Huntsman Textile Effects, a dyes and chemicals company, has claimed its adoption of more sustainable practices is part of an industry-wide shift. The release of its MRSL earlier this year in support of the ZDHC is “an example of Huntsman’s transition towards a cleaner and more transparent supply chain,” according to Ecotextile.
Paul Hulme, president of Huntsman, said in a statement, “The past year has witnessed a change in the enforcement of environmental standards legislation around the world,” Ecotextile reported. He added, “More brands and retailers, industry organizations, mills and suppliers are coming together to accelerate change.”
Hulme explained the growth in the company’s Avitera range, which is a reactive dye technology for cotton. He said this can reduce water and energy up to 50 percent.
“The extension of the Avitera color palette has made a great impact. So many mills are switching to it or planning to do so in the near future, which indicates the importance that the industry is now placing on environmental best practice,” He concluded.
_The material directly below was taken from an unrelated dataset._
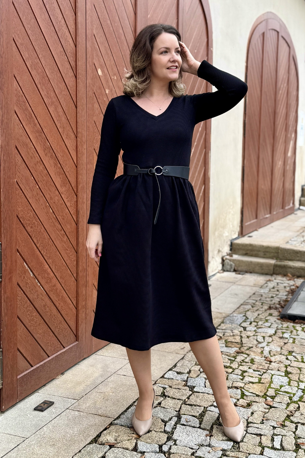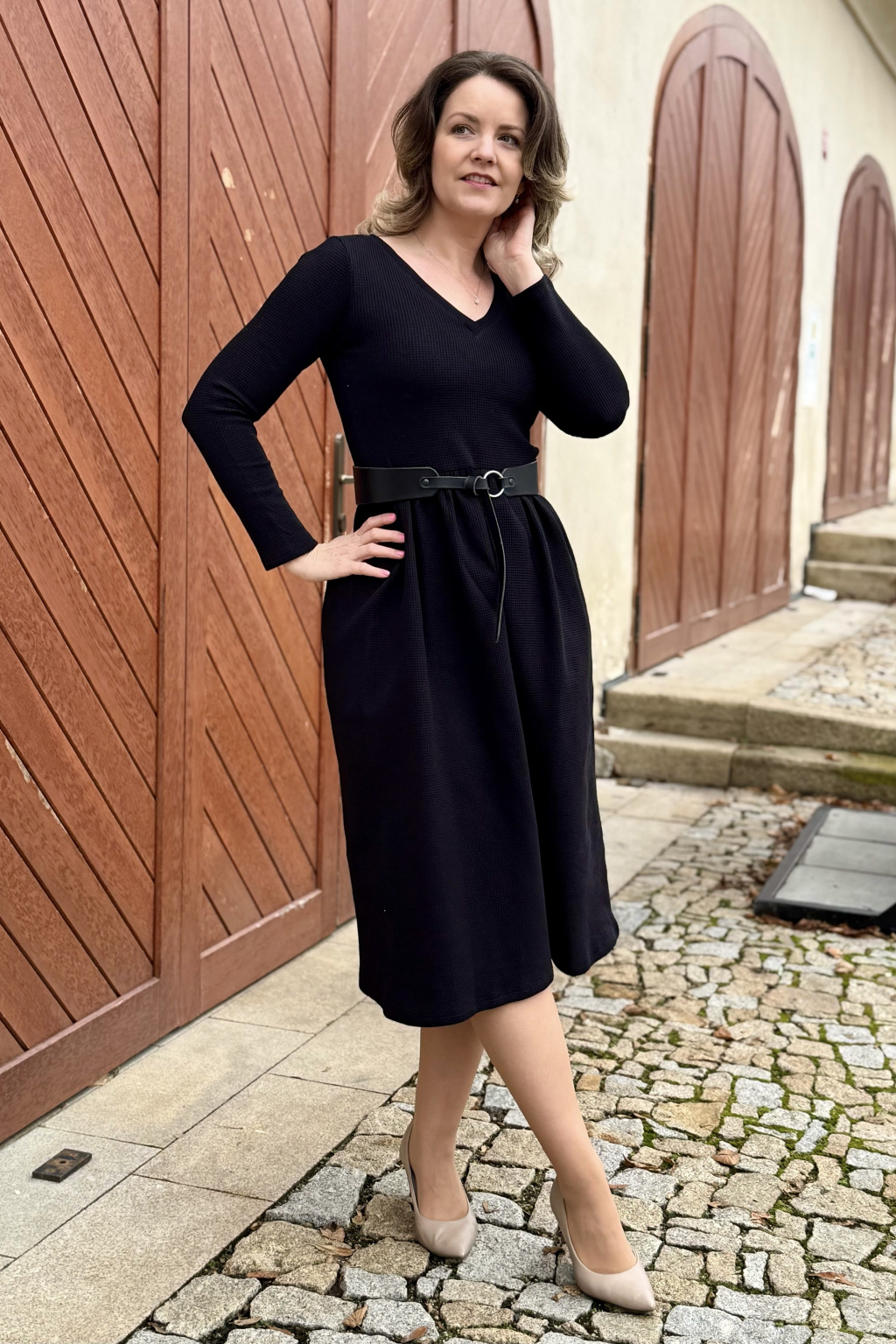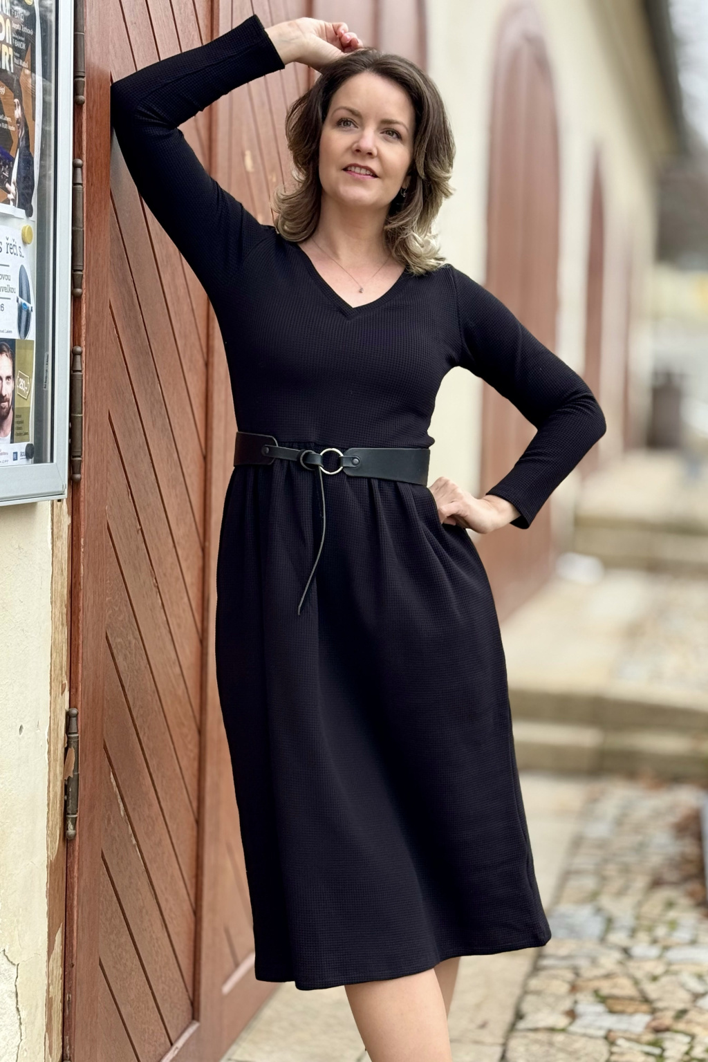 Vaflové bio bavlněné šaty Klasik - Zarina - černá - krátké / midi

The textile dyeing and finishing industry is one of the leading global consumers of water and energy. It is predicted that by 2030, the world demand for fresh water will increase by 40 percent, while by 2050 a suggested one billion people will lack the needed water for daily living such as for drinking, cooking and bathing. There is a need for the industry to take responsibility and adopt sustainable business practices, Ecotextile explained.
A sustainability initiative event in textile dyeing and printing was held in Castleton, U.K. this September, and involved Huntsman representatives discussing how the chemical industry can help partners reduce their environmental impact and remain economically viable.
This past August, Huntsman developed a new range of fabric whiteners for shading polyester fabrics during waterless dying through machines that used CO2 as opposed to water.